Review: Isabelle by Sophia Holloway (2022)

This is such a beautifully written book that was completely wonderful for the first 75%, then became a little melodramatic, but in a good way, until the hero fell at the final hurdle. This is going to be spoilerish, so don’t read it if you don’t want to know.

Here’s the premise: Isabelle Wareham is nineteen, and while her much older sister had a season in London and made a good match, she stayed at home nursing her father through his final illnesses. Now he’s died, and Isabelle is put in the guardianship of her brother-in-law, Lord Dunsfold. Her cousin Sir Charles Wareham, the head of the family, is given joint charge of the estate which Isabelle is to inherit, but it is Cornelia’s husband who has charge of her person. Isabelle doesn’t much like him, but she will be of age in not much more than a year, so it is only a temporary arrangement and he seems minded to leave her at peace in her home during her period of mourning.

But then fate intervenes. A friend of Sir Charles, Lord Idsworth, staying with him for a shooting party, is accidentally shot, and carried to Isabelle’s home. She nurses him back to health with the inevitable result, but however predictable this might be, the gentle and charming way they fall in love is utterly beautiful. It reminded me a little of Heyer’s Venetia, where it is obvious that the two principals are like two pieces of a jigsaw puzzle that fit together perfectly.

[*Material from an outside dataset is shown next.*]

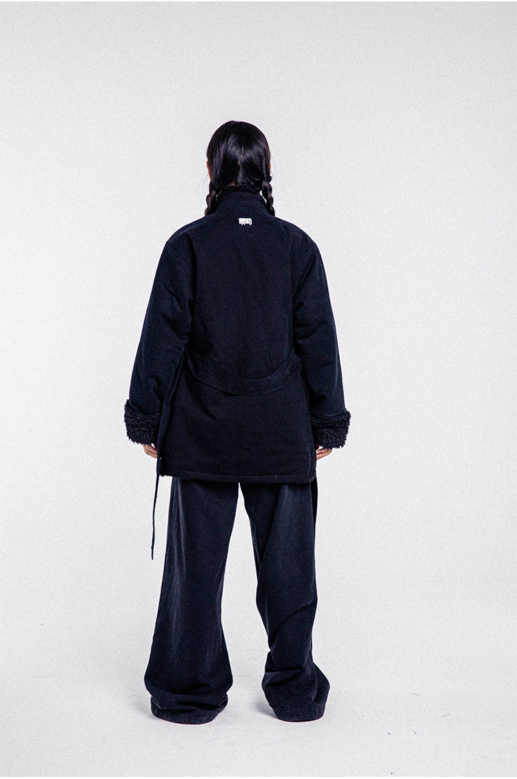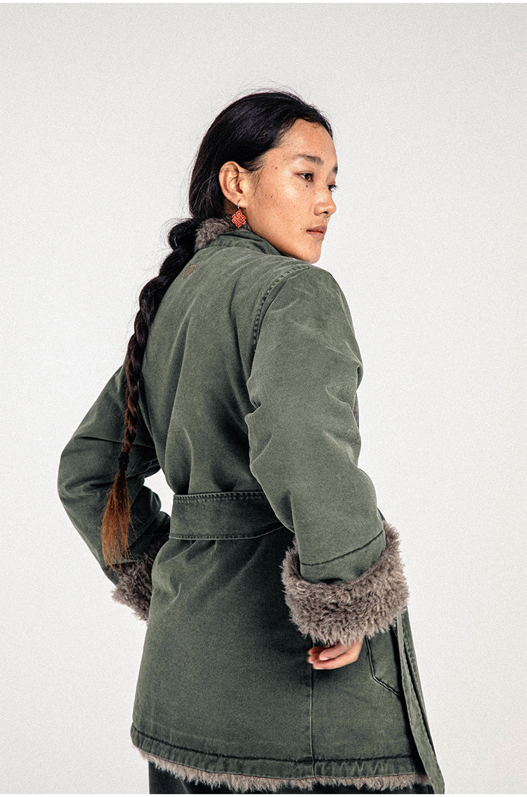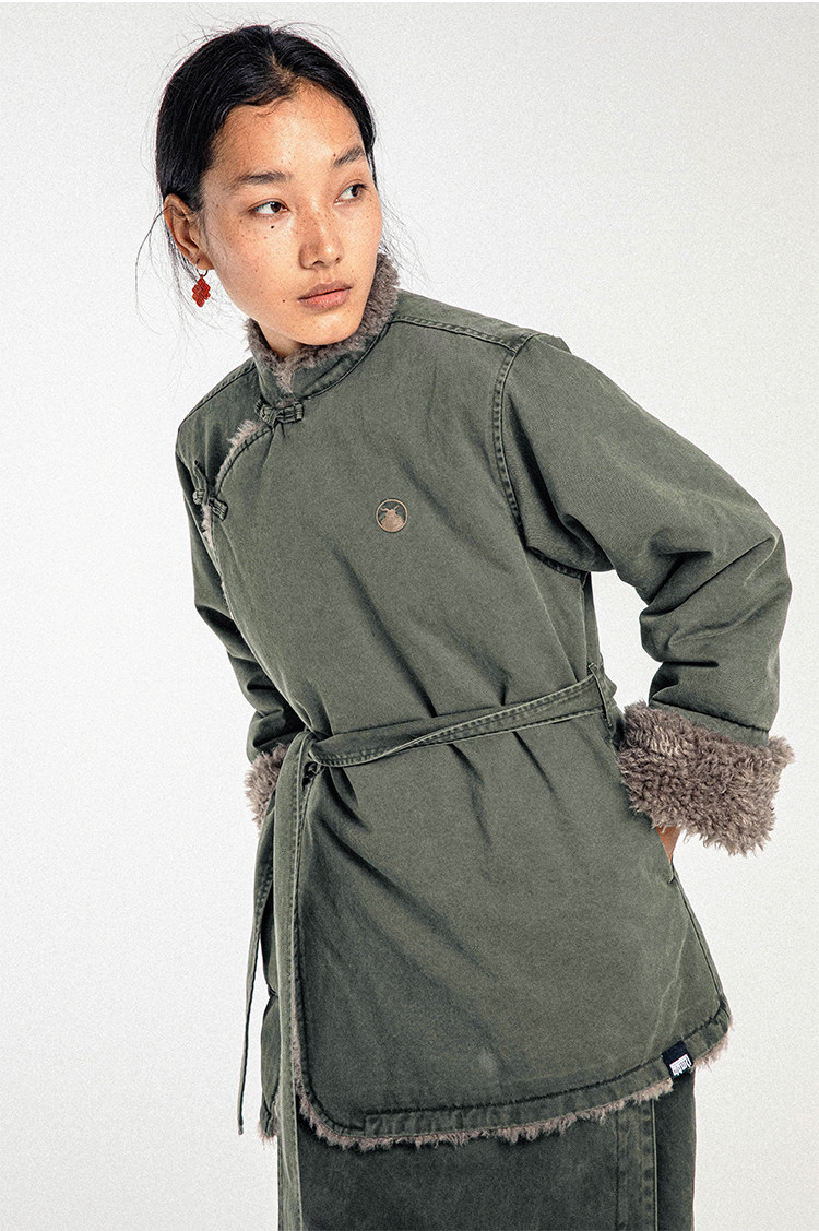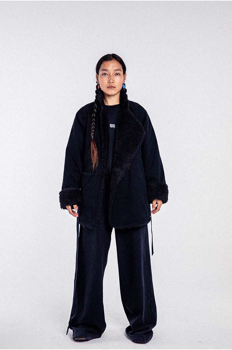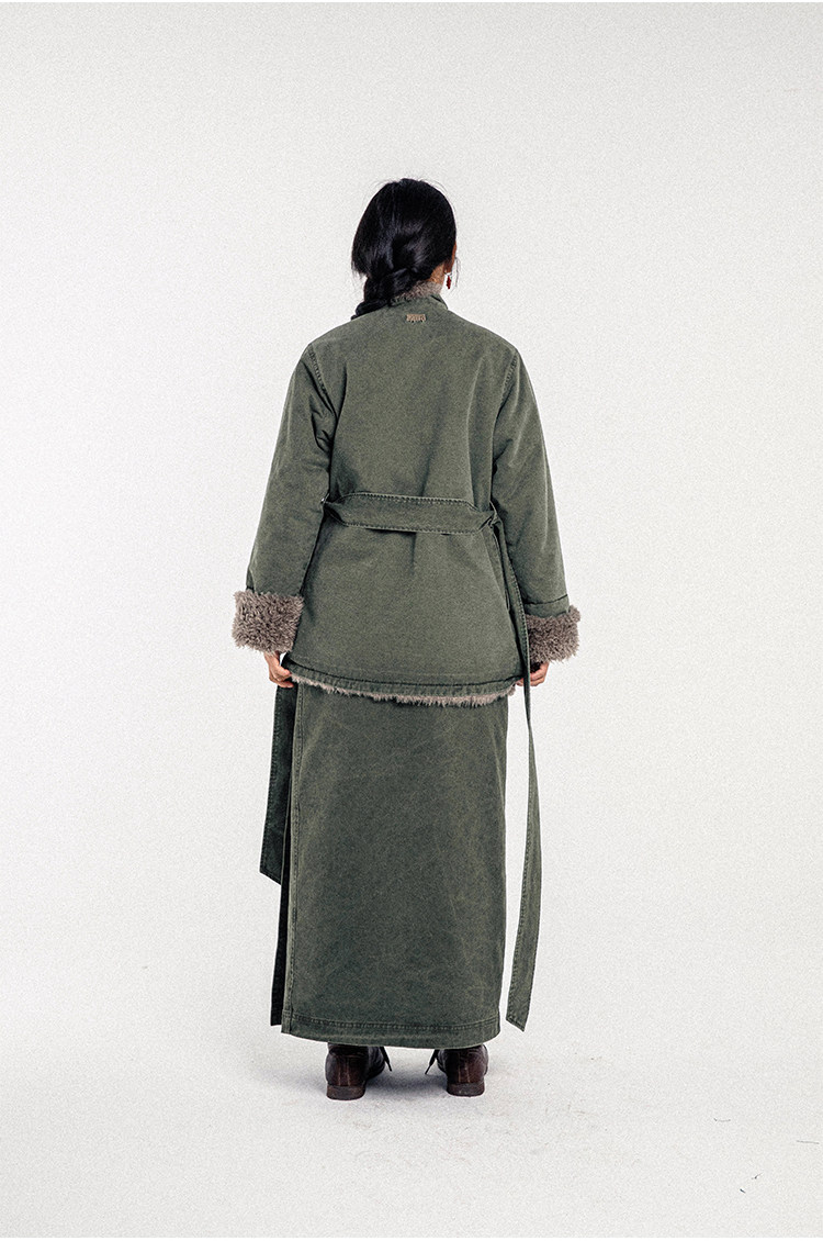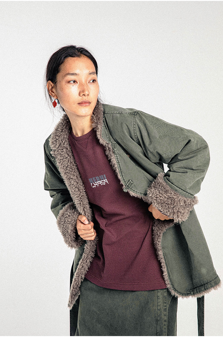 圣山服饰原创设计中长版藏式斜襟绑带毛绒秋冬潮流时装外套通勤 [Original Page Link]

However, Idsworth is not deemed a suitable match by Isabelle’s avaricious sister and brother-in-law, so she is whisked off to Bath to be kept in relative seclusion until she agrees to marry the suitor of their choice, Mr Semington, whose principal attraction is that he will pay the Dunsfolds handsomely for the privilege of relieving them of the care of Isabelle. She is blissfully certain that she has only to wait until she comes of age and she can marry the man of her heart, but it gradually dawns on her that her letters are being intercepted and she has no way to communicate with the outside world.

Needless to say, our hero arrives on the scene to save the day despite the machinations of the not very appealing Mr Semington and the very unappealing sister and her husband. The heroine herself is also able to take steps to rescue herself from her predicament. Things do get quite complex for a while, but eventually we come to the point where I fell out rather with the hero. This is rather spoilerish, so if you don’t want to know anything about it, skip forward to the last paragraph.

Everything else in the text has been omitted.